For more real-time information on tech M&A, follow us on Twitter @451TechMnA.

Crown Castle pays big for small cells

Contact: Mark Fontecchio

Crown Castle International shells out $7.1bn for fellow cell tower company Lightower Fiber Networks in the latest and largest of a flurry of acquisitions by the buyer to expand its small-cell coverage in the US. The purchases, made at above-market multiples, come as Crown Castle builds out infrastructure to support mobile operators dealing with surging data traffic.

With Lightower, Crown Castle obtains a larger network of cell towers, small-cell nodes and fiber deployments concentrated in the Northeast. Crown Castle has now spent $10.7bn on M&A in three years to build its small-cell network in the Northeast, southern California, Florida and Texas through acquisitions such as FiberNet ($1.5bn) and Sunesys ($1bn).

In the process, Crown Castle has spent more on M&A since 2014 than it had in the entire preceding decade and paid rich multiples along the way. According to 451 Research’s M&A KnowledgeBase, purchases of tower and fiber targets since 2014 carried a median valuation of 3x trailing revenue. Today’s pickup of Lightower values the target at about 9x, in the same neighborhood as Crown Castle’s other small-cell deals.

Why the premium? As we discussed in a December report, mobile networks face escalating demand as consumers increase video consumption and enterprises deploy mobile cloud apps. To keep up with that data demand, operators are increasingly turning to small-cell deployments.

Morgan Stanley advised Crown Castle on the transaction, while Citigroup Global Markets and Evercore Partners banked the seller.

Private equity gets bigger wrench for bolt-on deals

Contact: Scott Denne

As buyout shops expand their role in tech M&A, a growing share of private equity spending is coming from bolt-on acquisitions by portfolio companies rather than stand-alone purchases. The sales of Sandvine and Rocket Fuel – both announced this week – show that PE firms are more willing to make sizeable additions to their portfolio companies.

Bolt-on deals have long been part of the private equity playbook. Every year since 2009, acquisitions by portfolio companies (often funded by their PE owners) have accounted for half of PE tech deal flow.

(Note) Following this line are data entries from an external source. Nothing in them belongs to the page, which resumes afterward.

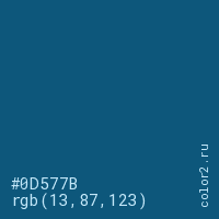 Цвет #0D577B в цветовой модели RGB обозначается тремя октетами (13, 87, 123) в десятичном формате и #0D577B в шестнадцатиричном (hex) формате, которые являются интенсивностью красного 13 (hex 0D), интенсивность зелёного 87 (hex 57) и интенсивность синего 123 (hex 7B).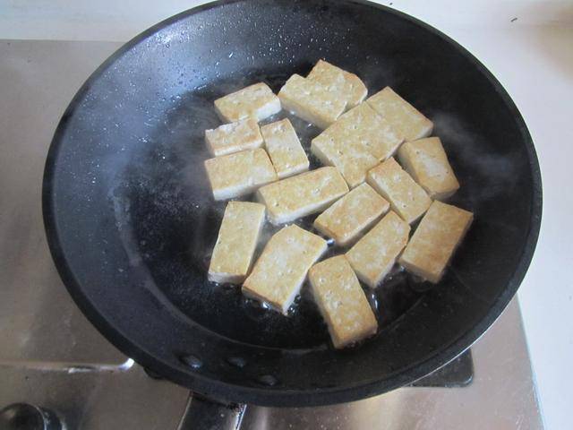制作过程:1. 烧热锅放入少许油, 将切好的豆腐块放进锅中去煎,一面煎至微微发黄后翻面将另一面也煎至微微放黄后盛出来备用;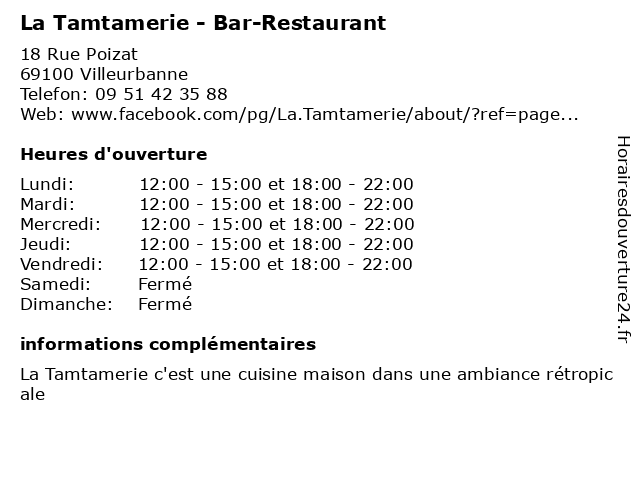 | Mardi | 12:00-15:00 et 18:00-22:00 |

This year, PE firms have kept that pace and bolstered the ratio of spending on such transactions. According to 451 Research’s M&A KnowledgeBase, PE-backed companies spent $12.5bn on purchases so far this year – that’s more than one-quarter of PE spending, a mark they’ve never previously hit.

In the acquisition of Sandvine, a previous bid by Vector Capital was bested by a $441m offer from Francisco Partners on Monday to combine the company with Procera Networks, a Sandvine competitor. Francisco paid just $240m to buy Procera in 2015. Today’s pickup of Rocket Fuel by Vector’s Sizmek has a similar dynamic. Vector proposes to pay $23m more for Rocket Fuel than the $122m it spent on Sizmek. (In yet another potential similarity between these deals, Wall Street is betting that Vector’s offer will again be beaten as Rocket Fuel trades at $0.10 per share above the bid.)

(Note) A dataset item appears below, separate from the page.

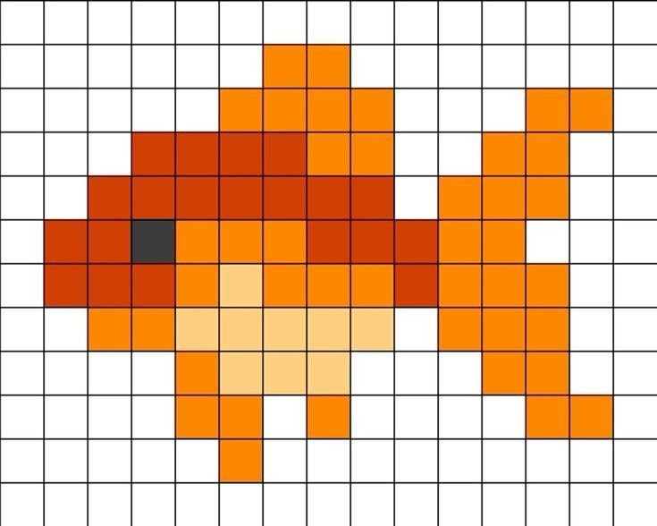 an orange and white pixellated pattern with squares in the shape of a dog's head

It’s tempting to think that higher spending and the benefit of potential cost synergies would lead PE shops to pay higher multiples. That hasn’t been the case. Francisco values Sandvine at 3.7x trailing revenue compared with 1.8x in its acquisition of Procera, but in the case of Rocket Fuel, Vector will pay just 0.3x, less than the 0.5x it spent on Sizmek. Overall, the median multiple on purchases by PE portfolio companies sits at 2.2x in the past 24 months, compared with 2.6x for stand-alone PE acquisitions.